Exactly retype the lines below from the one containing "ScarletDress,连" through the end of the listing. Leave pictures out.

-------- Collected material --------

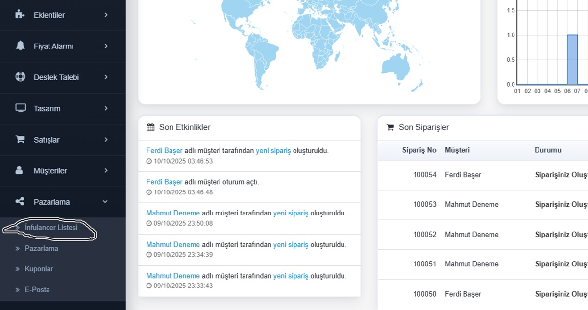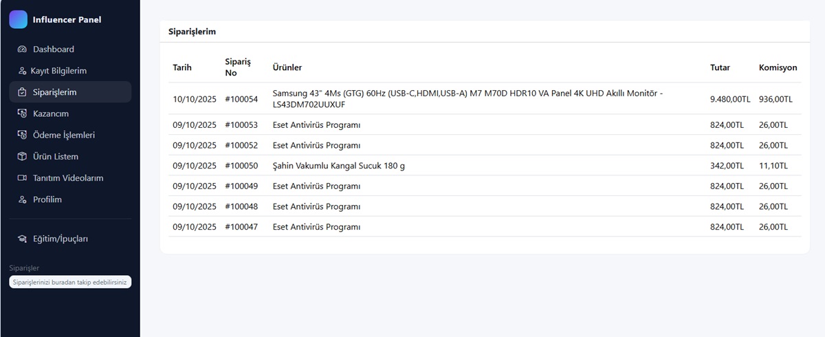 - Gelen siparişleri inflancer & satış ortağınız görebilir takip edebilir
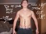 With a powerful, single swing around Allen's firm body, Scott buried the knife to the hilt, deep into Allen's navel. Allen's hips jumped forward in a powerful thrust. His eyes widened as his painful yells were muffled in Scott's strong hand. Scott held him there for a few seconds feeling the strong sophomore's chest heaving and writhing in pain. He then let go of the knife, which was still protruding from Allen's fully-stretched abs.
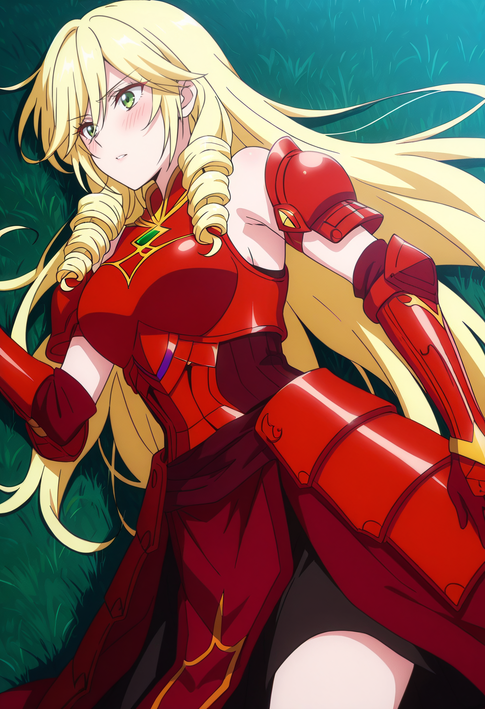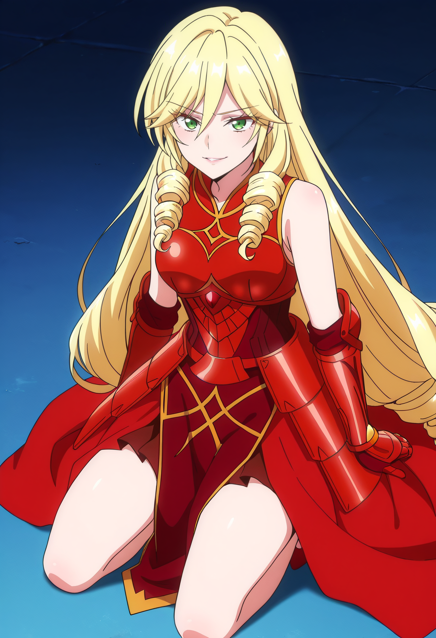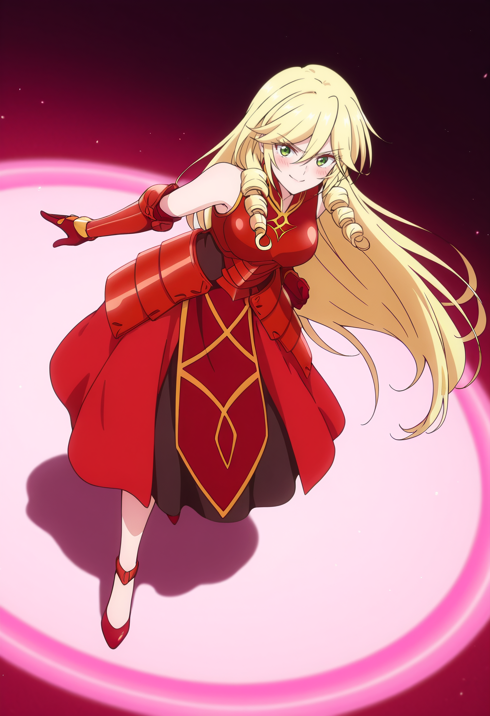 ScarletDress,连衣裙,无袖,红色连衣裙,露肩,卷发,手套,无袖连衣裙,裙子,红色鞋履,鞋子,高跟鞋,肘部手套,锁骨,盔甲,盔甲连衣裙,胸甲,
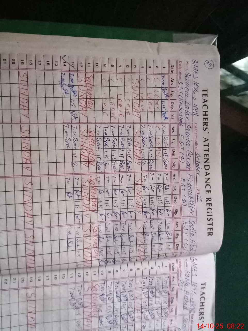 | CNIC | Full Name | Designation | R/C | Absence During Last Calender Month |

--------

Your response =>
 ScarletDress,连衣裙,无袖,红色连衣裙,露肩,卷发,手套,无袖连衣裙,裙子,红色鞋履,鞋子,高跟鞋,肘部手套,锁骨,盔甲,盔甲连衣裙,胸甲,
 | CNIC | Full Name | Designation | R/C | Absence During Last Calender Month |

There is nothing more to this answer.